KHITTAH.CO, Makassar – Badan Eksekutif Mahasiswa Fakultas Hukum Universitas Hasanuddin (BEM FH-UH) menggelar dialog suara mahasiswa bertema Quo Vadis Komisi Pemberantasan Korupsi (Polemik Tes Wawasan Kebangsaan KPK) pada Sabtu (15/05/2021).
Dialog ini menghadirkan Keynote Speaker Giri Suprapdiono (Direktur Sosialisasi dan Kampanye Anti Korupsi KPK) serta narasumber dari kalangan mahasiswa yaitu Presiden BEM FH UNHAS, Presiden Mahasiswa UIN Alauddin Makassar dan Ketua Umum BEM FH Atmajaya Makassar.
Presiden BEM FH Unhas Taufik Hidayat menyampaikan bahwa dialog suara mahasiswa ini dilaksanakan untuk mendengar aspirasi mahasiswa terhadap isu hangat bangsa saat ini terkait polemik Tes Wawasan kebangsaan KPK yang berakibat pada penonaktifan 75 Pegawai KPK.
“Dialog Suara Mahasiswa ini dilaksanakan oleh BEM Hukum Unhas untuk mendengar aspirasi mahasiswa terkait polemik TWK KPK yang berakibat pada penonaktifan 75 pegawai KPK. Mahasiswa harus bersuara, karena mahasiswa adalah jantung nurani rakyat. Diamnya Mahasiswa berarti membunyikan lonceng kematian negeri ini. Maka mahasiswa harus terus bersuara, menjadi muadzin terus memanggil kepada jalan kebenaran,” tegasnya.
Lanjut Taufik, Dialog ini dilaksanakan sebagai respon terhadap realitas yang nyata adanya usaha sadar, terstruktur dan sistematis untuk melakukan pelemahan terhadap KPK dengan menyingkirkan orang-orang yang memiliki komitmen dan integritas dalam pemberatasan korupsi di KPK.

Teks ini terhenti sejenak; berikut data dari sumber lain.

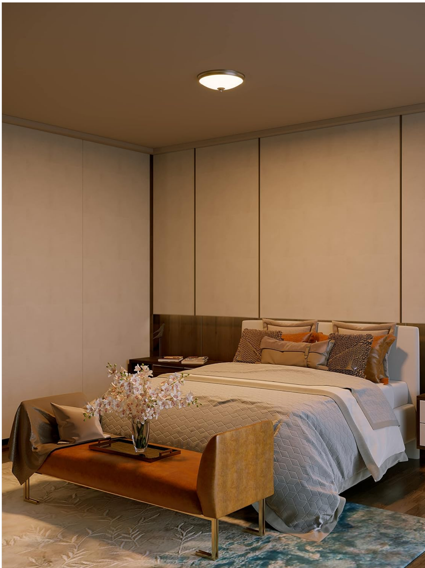
Image: The Legacy LED Flush Mount fixture installed in a bedroom, demonstrating its integration into a living space.

“TWK ini terlihat telah di desain untuk menyingkirkan orang-orang KPK yang memiliki komitmen dan integritas pemberantasan korupsi. Seperti ada beberapa orang yang telah diketahui rekam jejaknya yang sangat baik dalam pemberatasan korupsi dan saat ini sedang menangani kasus-kasus besar di KPK, seperti Novel Baswedan, Giri Suprapdiono, Harum Al Rasyid, ambarita dan masih banyak lagi pegawai KPK yang berdasarkan hasil TWK dinyatakan tidak lolos, tentunya ini memperlihatkan jalan mundur pemberatasan korupsi dengan cara menyingkirkan mereka yang memiliki integritas dan pengabdian yang sudah lama di KPK. TWK ini dijadikan senjata prosedural untuk memukul lawan dan menyingkirkan orang-orang bertintgritas di tubuh KPK,” ungkap Taufik.
Poin penting dari suara mahasiswa ini adalah mengecam secara tegas segala bentuk pelemahan KPK, kemudian menolak hasil TWK ini dijadikan tolak ukur sebagai syarat pengalihan pegawai KPK menjadi ASN hal ini diperkuat dengan adanya pertanyaan tidak patut dan pantas dalam TWK KPK tersebut.
Selain itu kata Taufik, BEM FH UH mendesak Ketua KPK mencabut surat keputusan yang memuat penonaktifan 75 pegawai KPK dan mengembalikan seluruh tugas dan tanggung jawabnya seperti semula dan mengajak seluruh elemen bangsa untuk melawan segala bentuk pelemahan terhadap KPK dan terus mendukung pemberatasan korupsi di Indonesia.